Polymer is a fully-fledged library that falls back to polyfills when certain features aren't available.
ES2015 classes are not "mandatory", but sugar is... well, sweet. Actually, most of ES6's features could be transpiled to ES5: arrow functions, the spread operator, default arguments, even `let` and `const`. Are those superfluous just for that? No, we're going to use them because achieving the same result with ES5 is just annoying/boring/cumbersome.
Incidentally, `class` is one of those features that can *not* be completely transpiled to ES5. Native elements were just an example, but we also cannot correctly extend `Error` or `Array` with ES5.

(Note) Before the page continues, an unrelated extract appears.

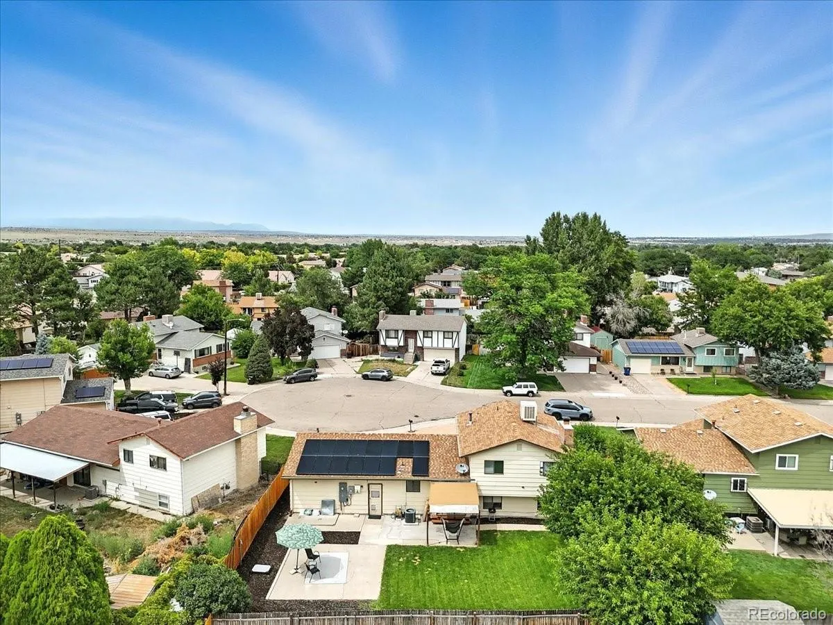 Welcome to this spacious and well-maintained four-level home nestled at the end of a quiet cul-de-sac in Pueblo’s desirable Regency neighborhood. Built in 1974, this residence offers four bedrooms and two bathrooms on a generous 7,200+ sq ft lot. The inviting layout includes a bright, eat-in kitchen that overlooks a cozy family room with a wood-burning fireplace insert—perfect for comfortable gatherings. A walk-out from the kitchen leads to a concrete patio and a fully fenced backyard, ideal for entertaining and pets. Inside, the home features central air conditioning and ceiling fans for year-round comfort. The finished basement offers flexible space that can be used as a home office, gym, or media room, while the laundry and utilities are conveniently located downstairs. The attached two-car garage adds extra storage or workspace. Outside, the home is surrounded by low-maintenance landscaping with an exterior sprinkler system, all set in a family-friendly neighborhood just minutes from local shopping, dining, parks, and quick access to I-25 for easy commuting to Colorado Springs or Ft. Carson. This home presents both comfort and value, with its spacious design, convenient location, and welcoming curb appeal – a perfect fit for anyone seeking functional living in a quiet and established community.

Therefore, `class` isn't going away any time soon, and while JavaScript will keep evolving as a functional programming language, for those uncommon cases where classes are needed `class` could and will be used every time they're more convenient than the good old `function` pattern, as long as we're aware that ES2015's classes aren't anything like "classic" classes.
But then again, every language has its own perks, so as mindful developers we're going to learn the differents like the pros we are.
So far, I had very little use for classes in JavaScript in general (lately I've been using them mainly for React), but things may change.
The next step for classes in JavaScript is defining a way to deal with composition nicely. Nothing is really ready, but the word "trait" is resonating among the community. Let's wait and see.